Calculations on Big Data sets (and slices, and merges of sets) are inherently parallelizable, much of the time. So it would be great if this new Big Data Sheet application could farm out the calculations across many servers that the user has pre-configured; or, maybe they can rent a CPU farm that’s a centrally located set of compute servers that the application creator, or others, have set up.
The science of Map/Reduce for data sets is growing, and is a powerful way to perform many operations in parallel on really large data sets. That could be the technology behind a front-end of high-level operations that can be performed on Big Data sets, or slices of sets.

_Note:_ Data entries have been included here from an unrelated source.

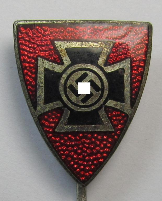 This is an attractive multi-coloured- and/or: nicely enamelled, membership-lapel-pin (ie. 'Mitgliedsabzeichen') as was intended to signify membership within the: 'Nationalsocialistischer Reichskriegerbund' (ie. 'N.S.R.K.B.') being a non-maker-marked example that bears a: 'Ges.Gesch.'-patent-pending-designation on its back and that comes in an overall very nice- (albeit moderately used ie. worn-), condition. The lapel-pin shows some minimal wear and/or age (mainly dirt and/or minimal staining but has truly no enamel damage whatsoever - as can be seen on the pictures). A similar pin - which comes mounted onto its functional pin - is also figured in the Heering-Hüsken lapel-pin catalogue, wherein it is given a unique reference-number (9653A).Simply an attractive TR-lapel-pin that is with certainty accordingly priced!
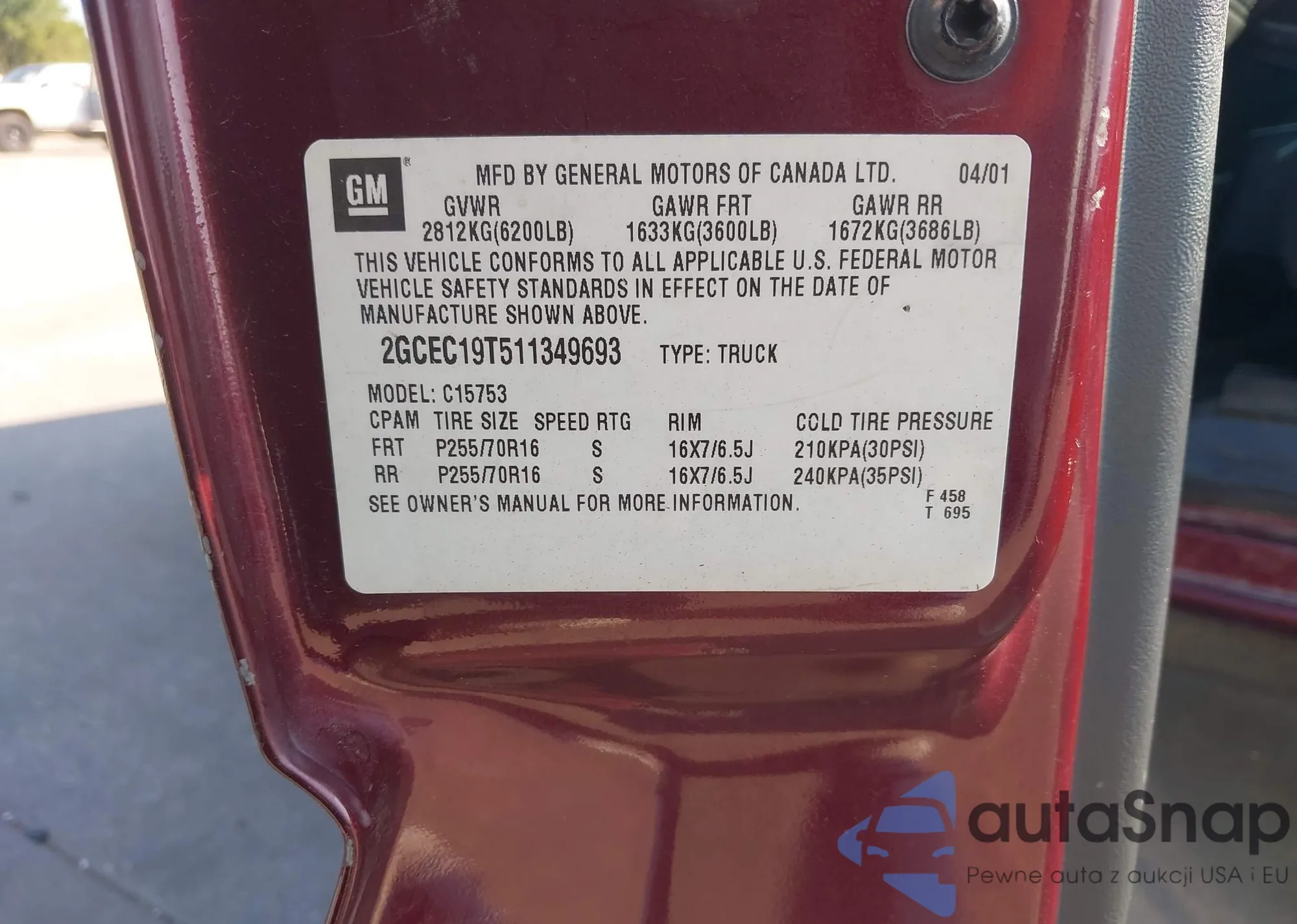 • VIN 2GCEC19T511349693
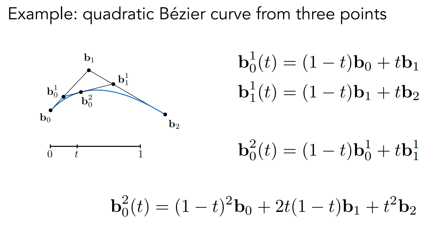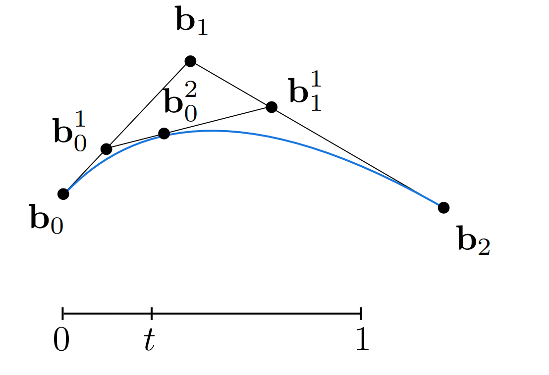 - 在一段时间0~1之间,对于每一个t时间点,标出在b0b1和b1b2线段相同比例的b10和b11
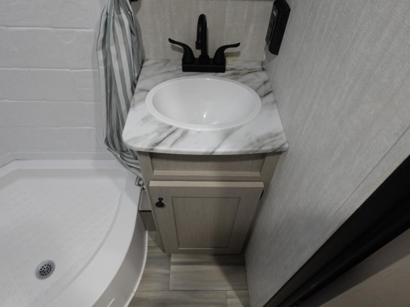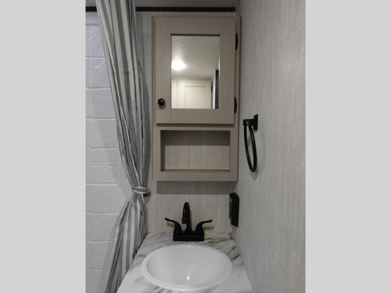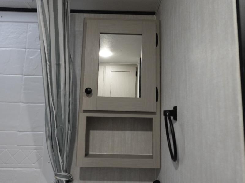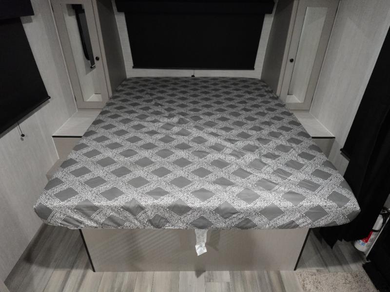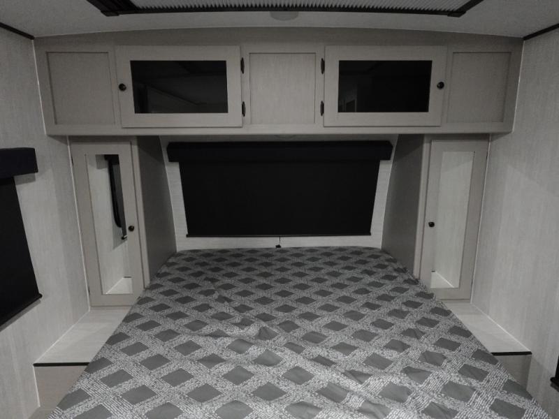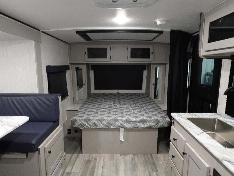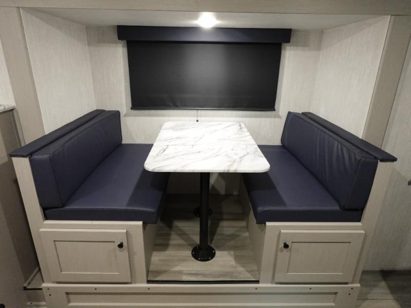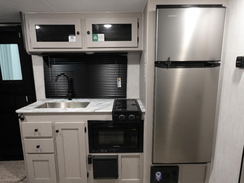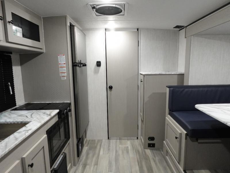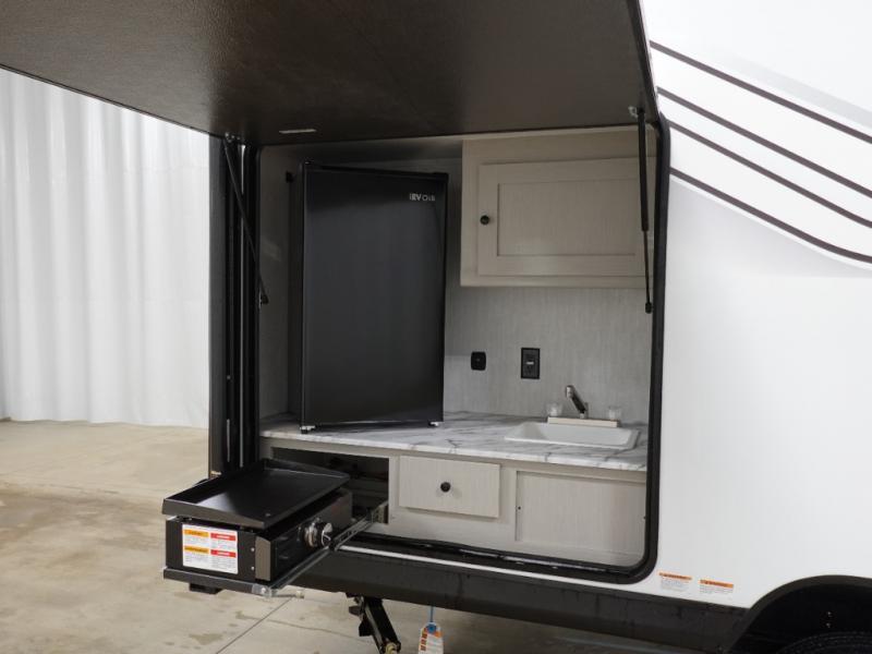 When you camp at RV parks, state parks or local campgrounds, you will love the easy setup after towing the trailer to your destination! The booth dinette slide and the power awning can quickly be set up so you can relax and unwind with your favorite person or people. You will have the choice of cooking inside with full amenities or outdoors on the outside kitchen, and inside you will have a pantry to store all your dry goods and a microwave to heat up items. The rear bathroom includes a wardrobe and allows you privacy when inside, and the front walk-around queen-size bed, allows you to sleep comfortably after hiking, walking or fishing. And you will find more storage throughout for your clothing, plates, games and such, plus outside in the pass-through compartment.
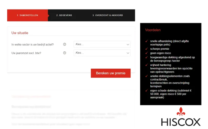 Met het Novusoft platform zijn verschillende aanvraagstraten voor de zakelijke verzekeringen van Hiscox ontwikkeld. De zakelijke verzekeringen kunnen direct op de website van Hiscox worden aangevraagd waarbij een intermediair moet worden gekozen. Ook kunnen de aanvraagstraten gemakkelijk op de website van intermediairs worden geplaatst.
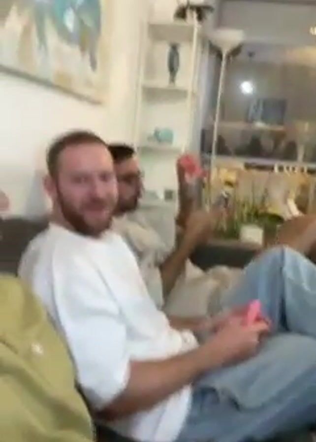 A group of men are sitting in a living room. One man in a white t-shirt and light blue jeans is holding a pink object. Two men are sitting next to him on the couch, one in a green sweatshirt and the other in a light gray t-shirt. Another man is sitting in a green armchair wearing a blue t-shirt and shorts. There are drinks on the coffee table. The room is well-lit and has a large window. The men are talking.
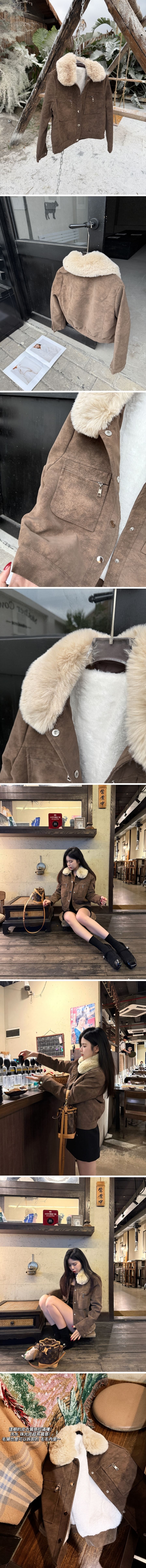 【Z829913】毛領釘釦霧皮短絨夾克外套
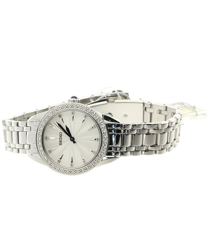 Ref.SRZ385P1, water resist 30m, urkasse og ledlænke af rustfrit stål, foldelås, urkasse prydet med swarovskisten 30 mm diameter, sølvskive med stregindex prydet med swarovskisten. Safirglas. Fabriksnyt, nypris 1995,- stammer fra ophør.
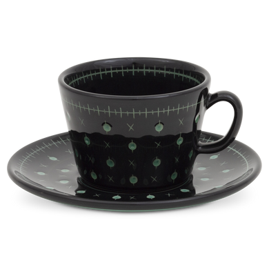 Ritz Glasur schwarz glänzend mit grünen Punkten und Kreuzen
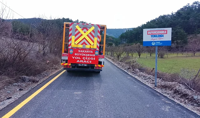 Sakarya Büyükşehir'den kırsal yollarda çizgi mesaisi
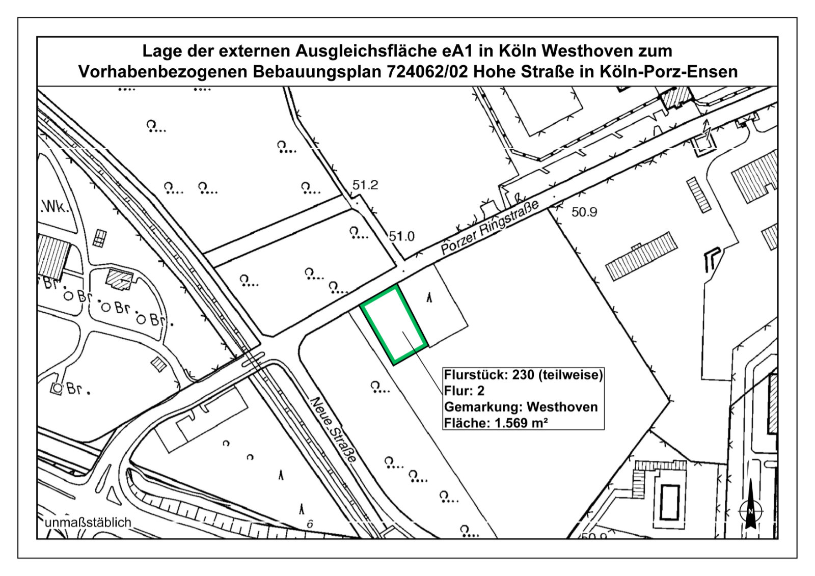 - sowie hinsichtlich extern festgesetzter Ausgleichsflächen im Bereich Gemarkung: Westhoven, Flur 2, Flurstück 230 (teilweise).
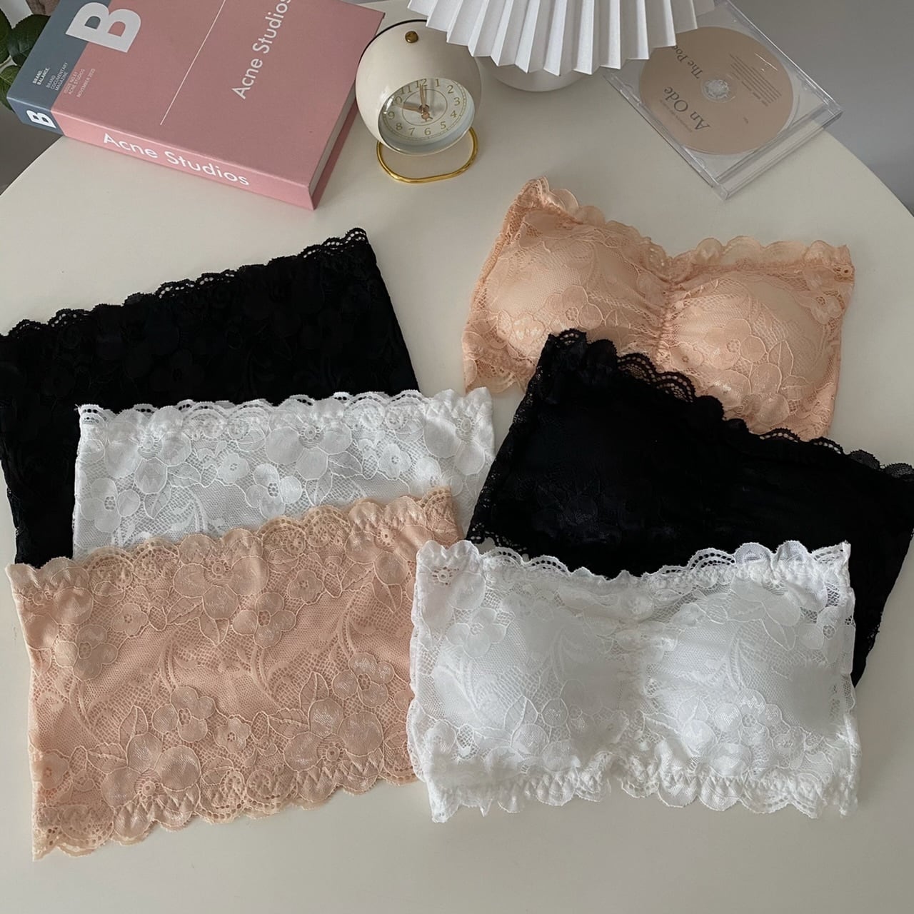 Lace tube top underwear women's summer thin strapless anti-glare vest sexy gathered chest wrap top レッド レース サマー 夏物 nana62194237735 | modepoisson

We might need to invent a new kind of database server storage system for gigantic N-dimensional data sets, so that we can extract slices from them in any direction/dimension we want, as quickly as is reasonably possible. You can assume it might take more than one database server to store such a large set of data in this flexible manner, so the servers might all need to work together, when queries arrive from clients retrieving data from the gigantic data set.
How do we store the data so slices can be taken from any direction, of any amount?
How do we create redundancy, so any one server going down doesn’t take the whole database with it?
How do we backup such a data set, to keep it in off-site storage?
It’s fun to ponder these things. I know there are good answers to all of them.
It would be fun to see how the world explores this topic more over time.